使用MEMS惯性测量单元和拓扑地图的室内定位与导航技术研究

发布时间：2018-03-13 04:39

  本文选题：室内定位与导航　切入点：MEMS传感器　出处：《电子科技大学》2015年硕士论文　论文类型：学位论文

【摘要】：室内定位与导航潜藏着巨大的社会功能和经济效益,鉴于GNSS导航在室内环境中存在严重的信号衰减和多径问题,使用惯性测量单元进行不依赖于外部环境的自主定位与导航技术成为该领域研究的热点。本文即使用MEMS惯性测量单元装配在行人脚部进行行走动作的测量,并作航位推算,然后结合行人所在室内的拓扑地图估计其在室内的位置和航迹。

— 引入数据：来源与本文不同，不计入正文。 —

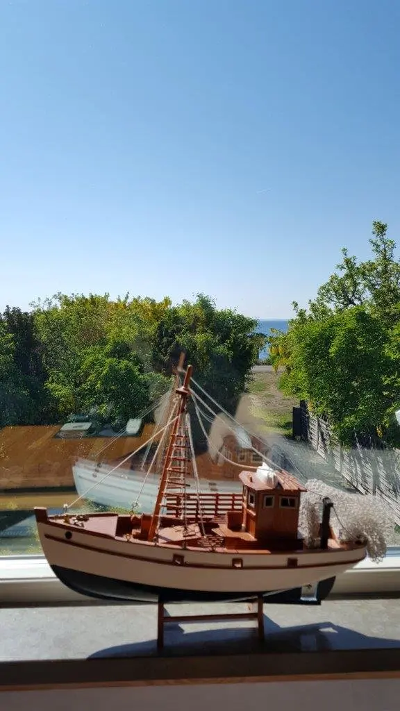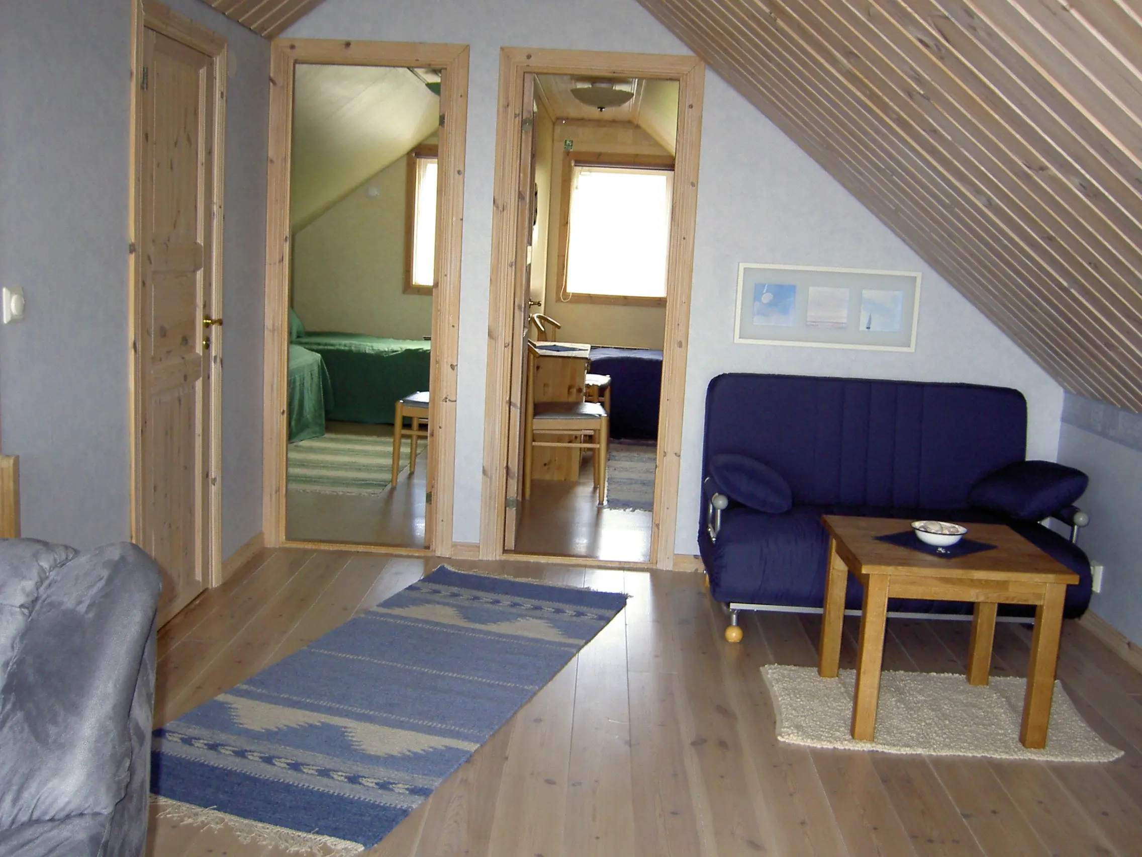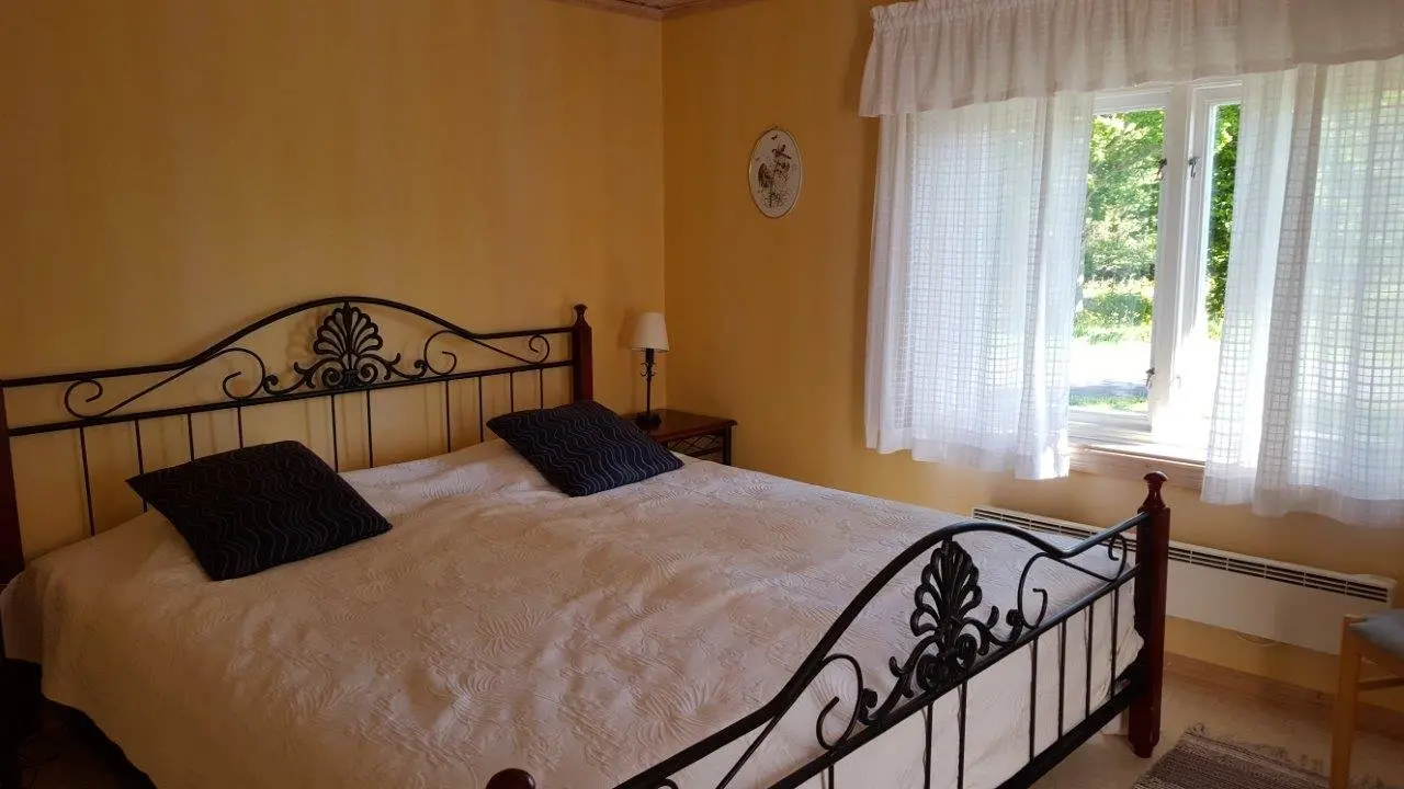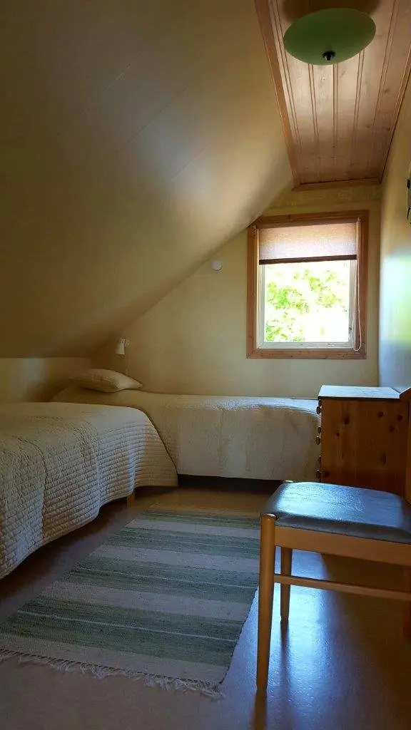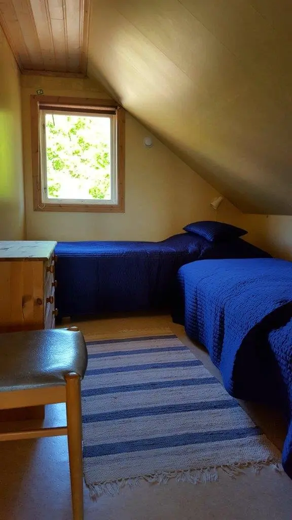 Stugan är modern och har sex bäddar. Fullt utrustat kök, tre sovrum, två toaletter och en dusch. På övervåningen finns ett allrum med stora fönster mot väster och fin havsutsikt. Framför stugan ligger en stor altan med utemöbler och parasoll och grill.
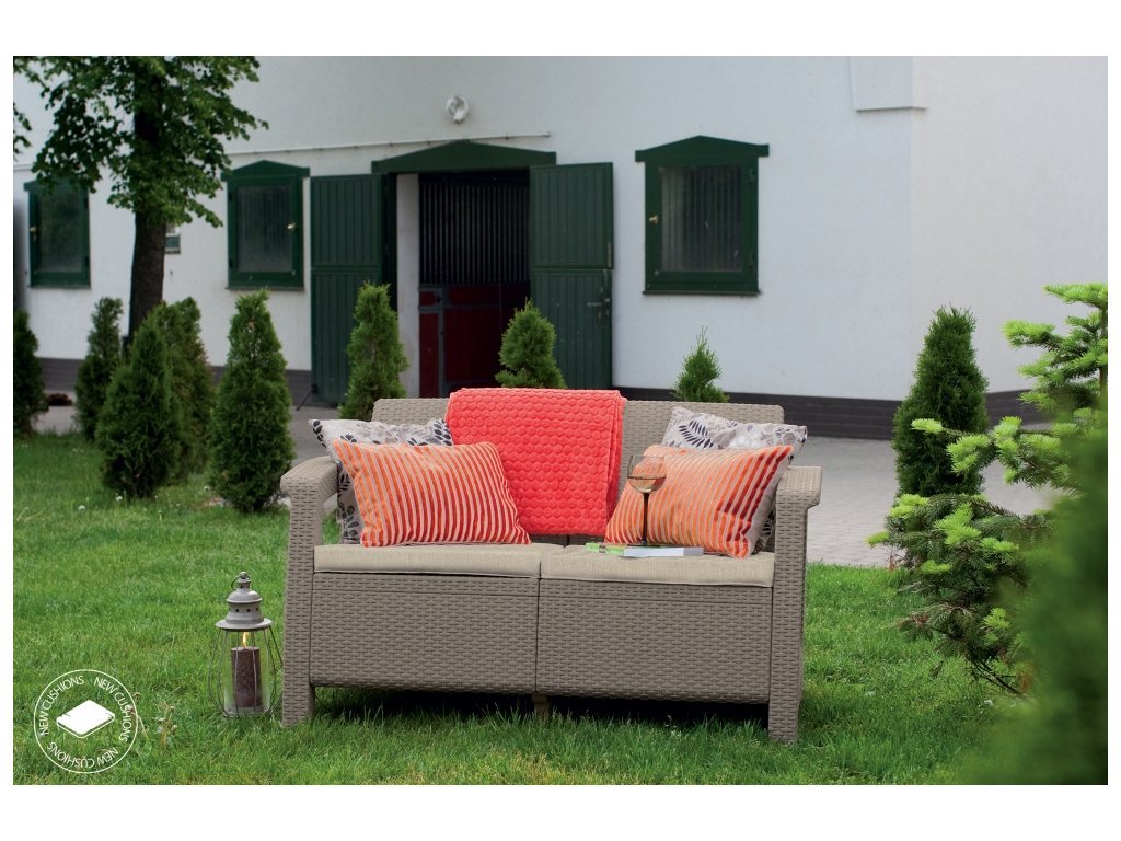 Zahradní pohovka Allibert Corfu Love Seat 128 x 70 x 79cm - cappucino / krémová
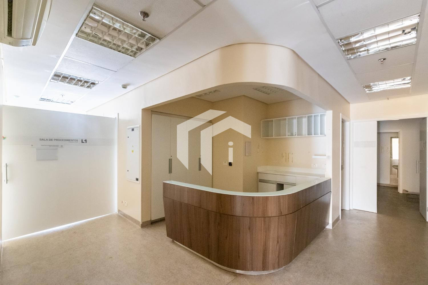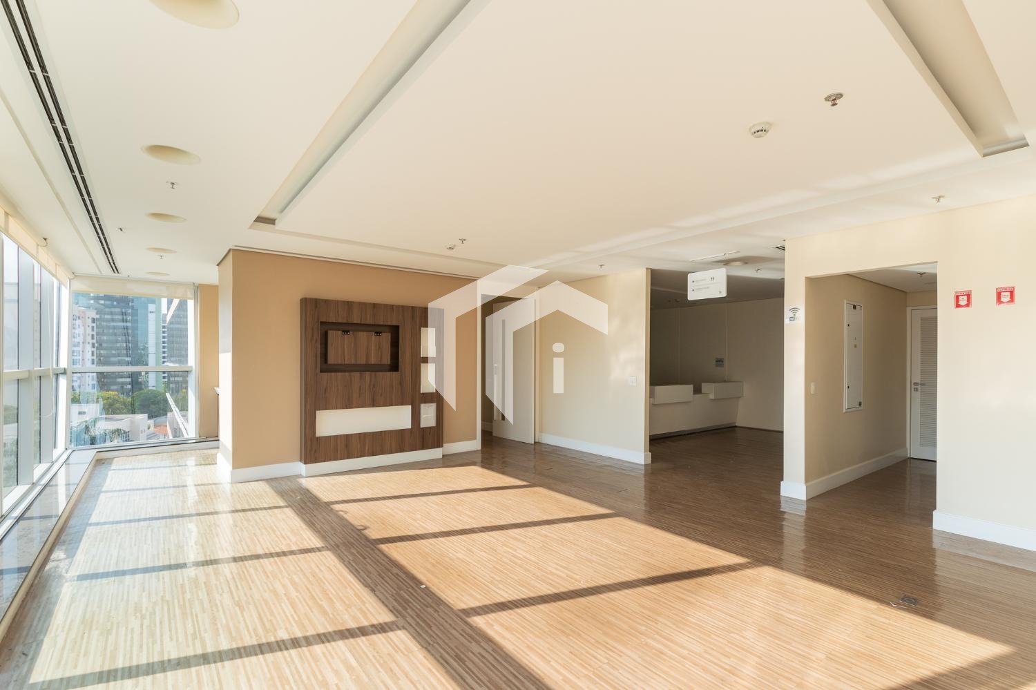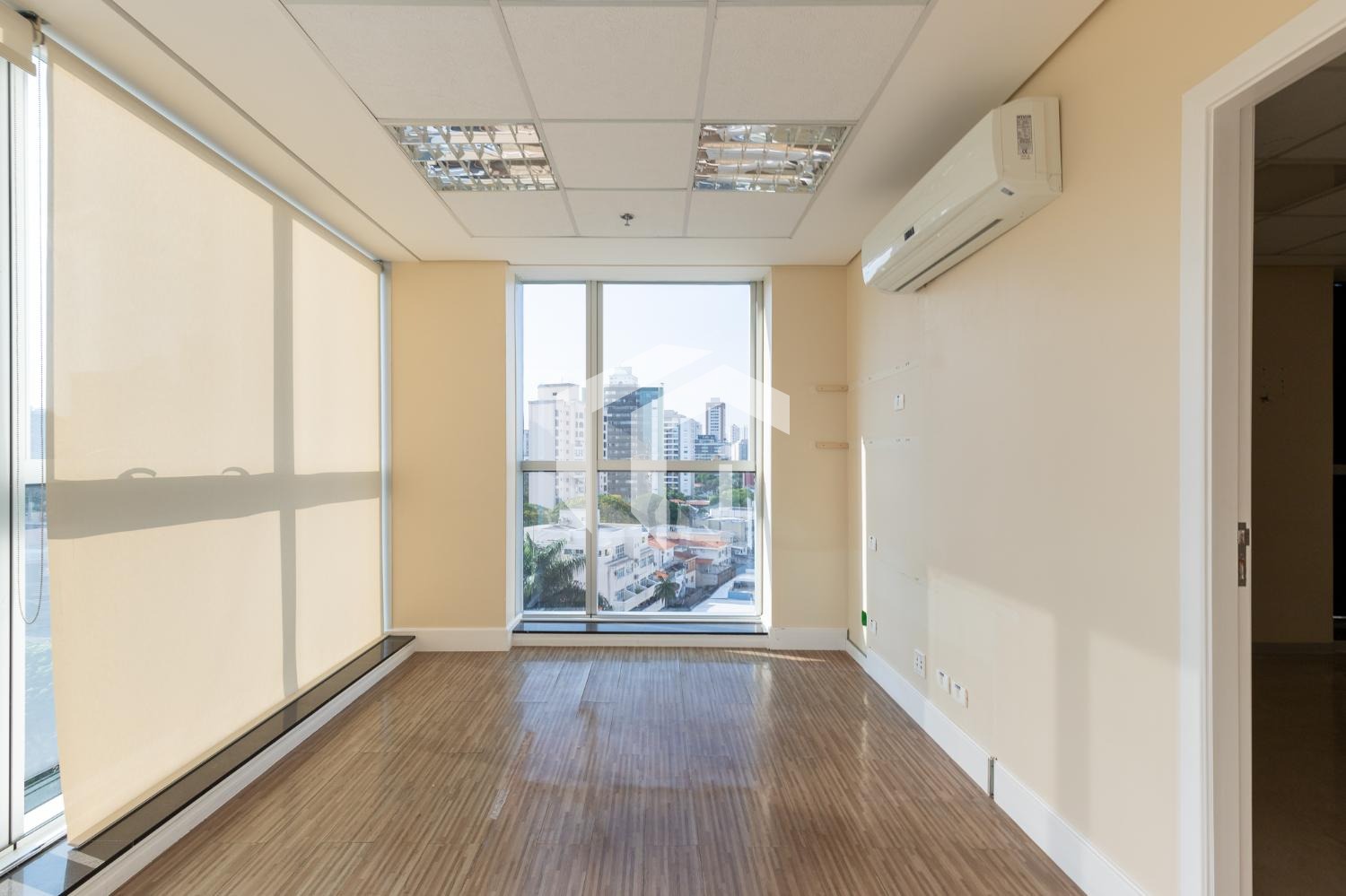 Sala acabada com piso elevado, rebaixo de teto, persianas, luminárias e ares condicionados, além, de diversas salas de drywall.
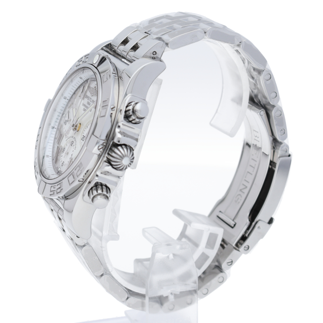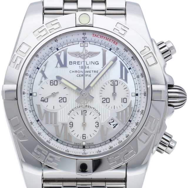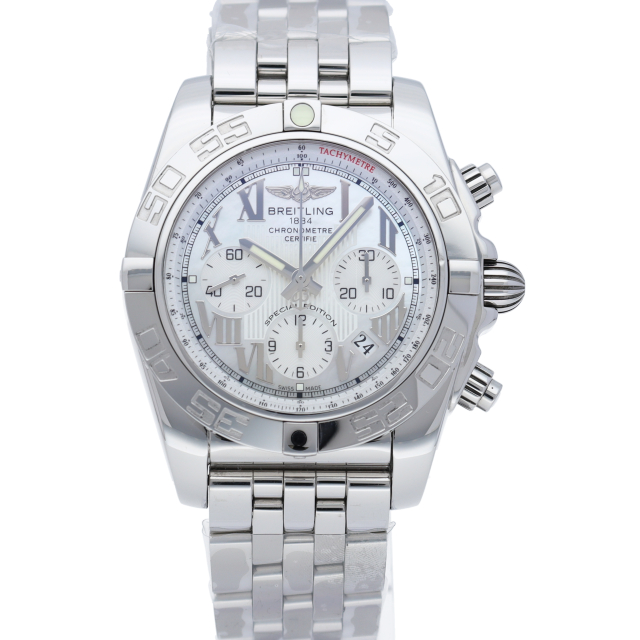 ブライトリング初の自社開発ムーブメント「B01」を搭載した「クロノマット44」。近年のブライトリングの新作中、最も注目度の高いモデル。自社開発の「キャリバーB01」を搭載した記念すべきモデルです。70時間のパワーリザーブや、常時調整可能なデイト機能など、同社のクロノグラフへの情熱が込められています。AB0110(AB011012/A773)
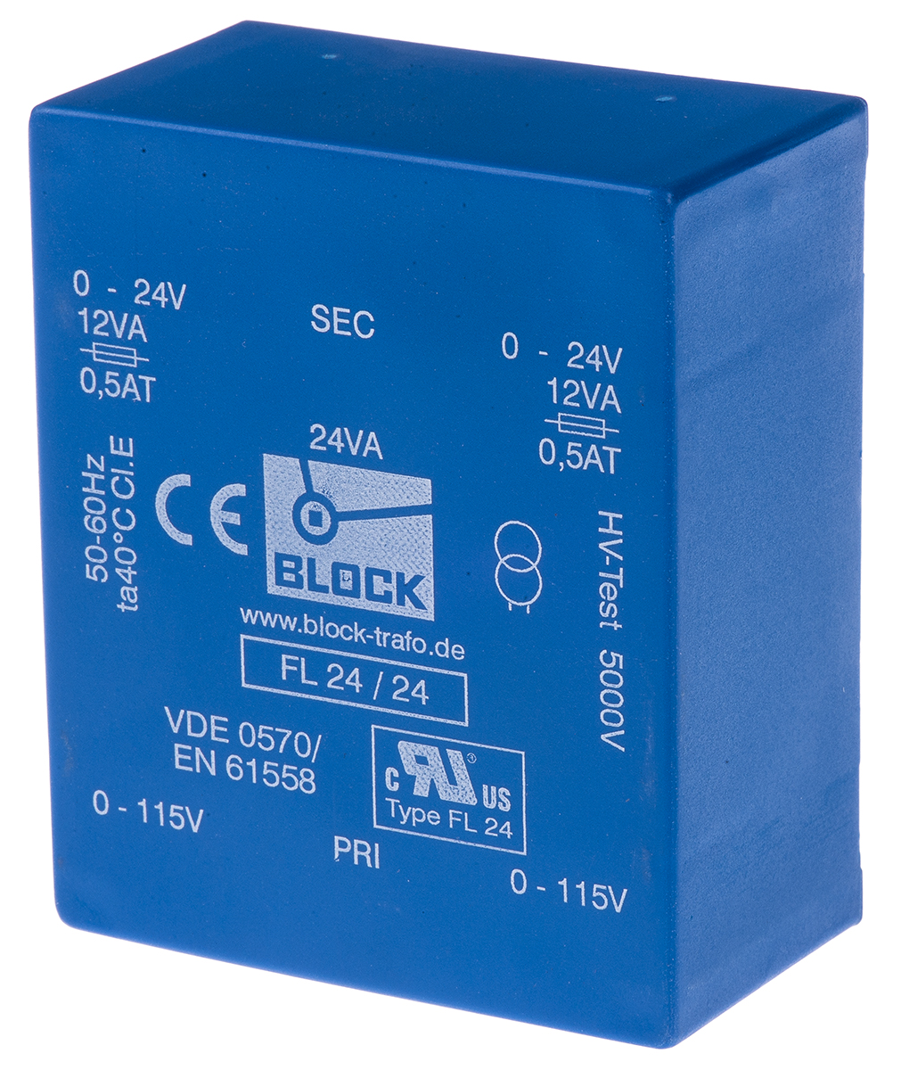 This is 24V ac 2 Output Through Hole PCB Transformer 24VA manufactured by Block. The manufacturer part number is FL 24/24. Additionally, the product is supplied with 2 outputs. The given dimensions of the product include 68 x 31.4 x 57mm. The typical product's weight is 445g. Its accurate length is 68mm. Furthermore, the product is 31.4mm wide. The product comes in 57mm depth. The product is available in through hole configuration.

具体而言,本文在研究和构建完整的基于MEMS惯性测量单元的室内定位与导航试验系统中完成如下工作:首先,本文针对室内定位与导航领域对精度、实时性和成本等各方面的需求,对导航系统平台的架构和整体工作流程做了设计,并针对其中所涉及的MEMS惯性测量传感器精度级别较低的特点进行了误差分析,在对惯性测量传感器的误差分析中,将其测量误差源分为确定性偏差与随机噪声两类,提出了一个综合性的校准方案。其次,传统的行人航位推算方法基于扩展卡尔曼滤波器和对行人脚步站姿的检测方法从而得到最优估计的行人航迹。但这一方法并未考虑惯性测量传感器的确定性偏差,使得推算航迹偏离实际航迹较大。本文所提出的最优航迹推算方案加入了对传感器确定性偏差的校准,通过建立一个综合性的误差模型,将计算得到的确定性校准系数以及Allan方差作为参数用于卡尔曼滤波器中,同时对两类误差进行补偿,根据所使用的传感器,以实际行走总距离为基准,新的方案使得最终航迹推算的位置精度相比传统方法提高了30%左右。然后,本文根据行人航位推算结果使用基于粒子滤波的地图匹配算法估计行人在室内的位置与航迹。这一地图匹配算法需要利用到室内地图中门、房间、走廊等结构信息及其空间关系,本文采用一种容差性的方案提取所需建筑结构并构建室内拓扑地图。不同于已有室内地图拓扑化方案中将走廊作为路径,走廊中拐点作为节点的拓扑数据结构,本文在提取出室内门、房间、走廊等空间结构后,将可以通行的空间作为路径以及将门作为节点进行室内拓扑地图的构建,一方面可以使用可通行空间的轮廓作为路径约束,用于地图匹配所使用粒子滤波算法的重要性采样中,另一方面将房间也纳入到可通行空间中,更加符合实际中行人常常在房间之间进行活动的特点。最后,采用手机客户端实现演示系统,对地图匹配算法进行了实验验证,结果显示最终地图匹配的位置精度可以达到±1.5m左右,行人可以根据匹配结果确定当前所在室内的位置,证明了该室内导航方案的有效性。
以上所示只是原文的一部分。